Instructions to follow
Only the lines below from the one with "한국 남성은 55~64세" through the one with "为使同学们更进一步了解寒假社" are to be written out, exactly and without any images.

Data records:

----------

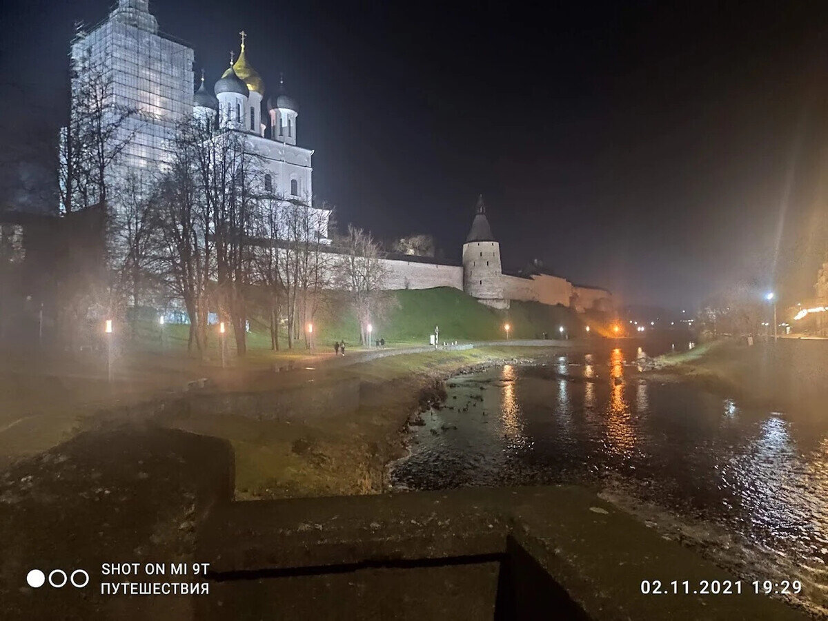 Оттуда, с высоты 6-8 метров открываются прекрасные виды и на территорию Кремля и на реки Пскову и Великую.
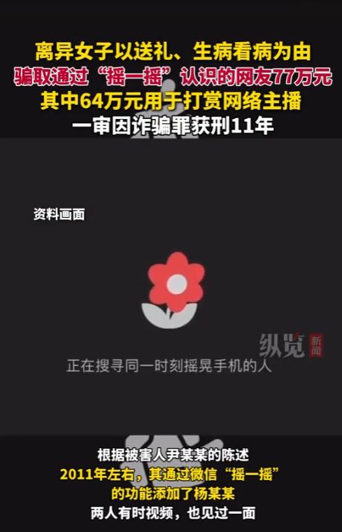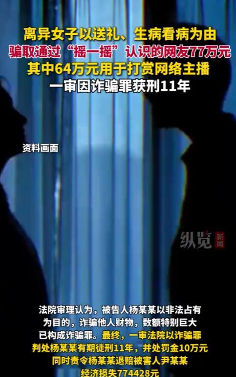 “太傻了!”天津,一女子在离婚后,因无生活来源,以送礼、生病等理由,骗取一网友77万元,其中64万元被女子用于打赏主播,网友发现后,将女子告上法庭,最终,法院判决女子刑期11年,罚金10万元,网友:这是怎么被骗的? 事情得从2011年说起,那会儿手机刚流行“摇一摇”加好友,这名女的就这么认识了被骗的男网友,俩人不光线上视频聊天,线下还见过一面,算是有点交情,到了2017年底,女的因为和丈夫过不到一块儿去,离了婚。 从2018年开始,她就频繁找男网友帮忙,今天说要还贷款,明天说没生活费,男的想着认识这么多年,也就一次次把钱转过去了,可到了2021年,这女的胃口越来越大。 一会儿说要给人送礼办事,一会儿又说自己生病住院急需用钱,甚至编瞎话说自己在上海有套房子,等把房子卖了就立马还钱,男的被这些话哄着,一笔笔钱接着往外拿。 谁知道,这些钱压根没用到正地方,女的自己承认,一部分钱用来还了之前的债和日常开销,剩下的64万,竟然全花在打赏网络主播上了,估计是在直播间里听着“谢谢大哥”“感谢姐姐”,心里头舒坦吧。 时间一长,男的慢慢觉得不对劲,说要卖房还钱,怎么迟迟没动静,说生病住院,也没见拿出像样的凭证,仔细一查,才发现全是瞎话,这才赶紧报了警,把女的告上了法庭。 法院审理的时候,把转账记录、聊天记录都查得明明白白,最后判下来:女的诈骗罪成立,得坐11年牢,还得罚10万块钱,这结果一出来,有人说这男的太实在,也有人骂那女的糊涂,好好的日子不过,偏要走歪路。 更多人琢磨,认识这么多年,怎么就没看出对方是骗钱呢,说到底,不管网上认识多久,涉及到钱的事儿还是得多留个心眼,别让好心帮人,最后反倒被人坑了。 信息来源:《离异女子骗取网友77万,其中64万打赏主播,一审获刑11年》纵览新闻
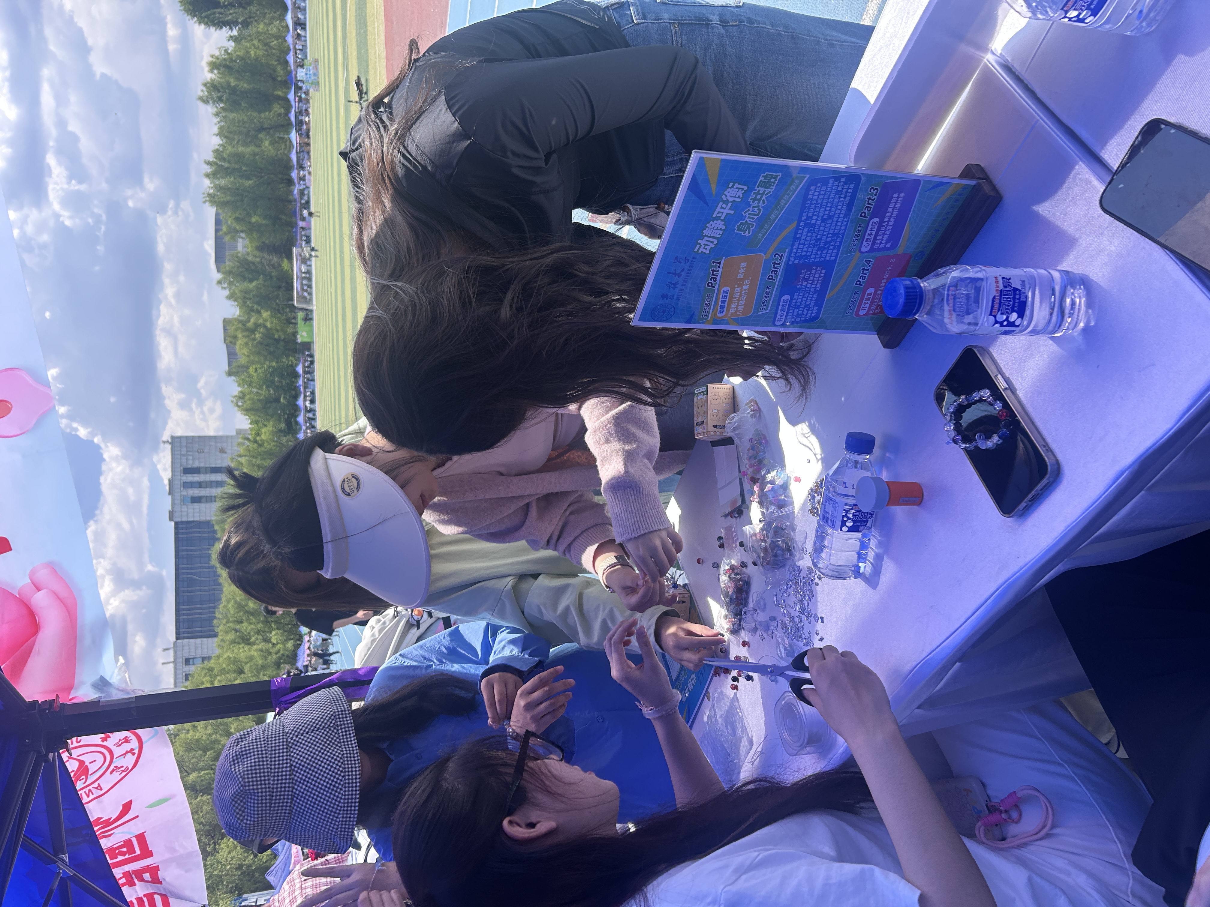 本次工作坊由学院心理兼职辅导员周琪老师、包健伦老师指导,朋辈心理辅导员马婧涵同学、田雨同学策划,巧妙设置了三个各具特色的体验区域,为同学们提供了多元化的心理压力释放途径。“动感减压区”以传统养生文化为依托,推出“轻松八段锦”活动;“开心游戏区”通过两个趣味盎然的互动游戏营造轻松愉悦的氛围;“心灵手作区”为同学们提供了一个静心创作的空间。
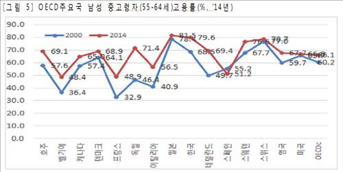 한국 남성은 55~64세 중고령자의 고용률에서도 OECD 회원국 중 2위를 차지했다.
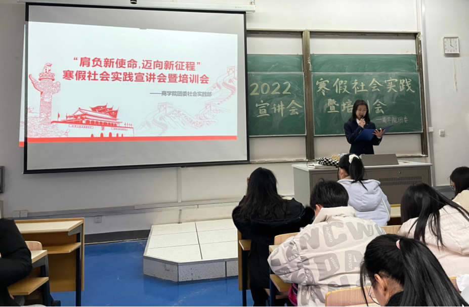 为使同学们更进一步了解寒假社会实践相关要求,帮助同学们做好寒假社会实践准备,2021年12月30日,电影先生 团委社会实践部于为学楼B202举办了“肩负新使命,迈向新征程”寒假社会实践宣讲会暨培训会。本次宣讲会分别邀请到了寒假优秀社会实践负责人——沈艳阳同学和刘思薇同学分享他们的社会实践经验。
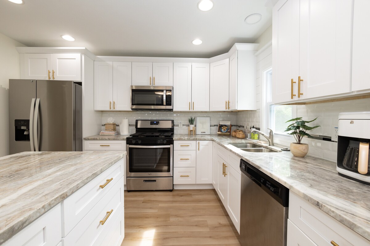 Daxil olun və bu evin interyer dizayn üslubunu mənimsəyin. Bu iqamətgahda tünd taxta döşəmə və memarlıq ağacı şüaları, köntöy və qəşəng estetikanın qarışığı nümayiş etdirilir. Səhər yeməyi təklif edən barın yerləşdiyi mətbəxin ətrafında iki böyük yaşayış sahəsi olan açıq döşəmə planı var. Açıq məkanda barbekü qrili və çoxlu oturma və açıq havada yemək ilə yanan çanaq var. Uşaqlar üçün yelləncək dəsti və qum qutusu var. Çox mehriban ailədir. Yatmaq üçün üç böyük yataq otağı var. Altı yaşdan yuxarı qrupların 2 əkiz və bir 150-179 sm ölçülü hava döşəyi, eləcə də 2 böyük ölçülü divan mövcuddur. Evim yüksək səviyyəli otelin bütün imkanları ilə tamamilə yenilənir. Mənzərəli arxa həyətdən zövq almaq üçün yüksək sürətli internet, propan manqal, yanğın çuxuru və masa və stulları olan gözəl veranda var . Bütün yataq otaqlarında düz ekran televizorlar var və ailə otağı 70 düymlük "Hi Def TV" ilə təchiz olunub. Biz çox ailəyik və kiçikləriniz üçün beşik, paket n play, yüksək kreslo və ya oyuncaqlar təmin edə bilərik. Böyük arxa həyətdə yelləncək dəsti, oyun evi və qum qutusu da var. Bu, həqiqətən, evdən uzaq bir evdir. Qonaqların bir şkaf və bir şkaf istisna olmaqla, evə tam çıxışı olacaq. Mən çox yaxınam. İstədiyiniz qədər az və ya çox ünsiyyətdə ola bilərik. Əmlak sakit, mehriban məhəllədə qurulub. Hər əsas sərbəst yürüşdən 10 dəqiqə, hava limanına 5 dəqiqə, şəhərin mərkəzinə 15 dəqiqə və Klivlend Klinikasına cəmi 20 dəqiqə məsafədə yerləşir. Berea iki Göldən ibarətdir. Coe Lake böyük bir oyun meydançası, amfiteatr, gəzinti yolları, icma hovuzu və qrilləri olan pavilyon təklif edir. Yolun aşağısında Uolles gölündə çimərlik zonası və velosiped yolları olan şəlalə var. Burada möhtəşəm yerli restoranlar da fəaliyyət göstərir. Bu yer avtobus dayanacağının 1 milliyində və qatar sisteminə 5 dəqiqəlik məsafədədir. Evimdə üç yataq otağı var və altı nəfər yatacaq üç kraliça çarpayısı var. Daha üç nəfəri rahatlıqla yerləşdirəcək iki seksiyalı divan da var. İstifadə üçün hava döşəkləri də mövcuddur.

----------

Written response
 한국 남성은 55~64세 중고령자의 고용률에서도 OECD 회원국 중 2위를 차지했다.
 为使同学们更进一步了解寒假社会实践相关要求,帮助同学们做好寒假社会实践准备,2021年12月30日,电影先生 团委社会实践部于为学楼B202举办了“肩负新使命,迈向新征程”寒假社会实践宣讲会暨培训会。本次宣讲会分别邀请到了寒假优秀社会实践负责人——沈艳阳同学和刘思薇同学分享他们的社会实践经验。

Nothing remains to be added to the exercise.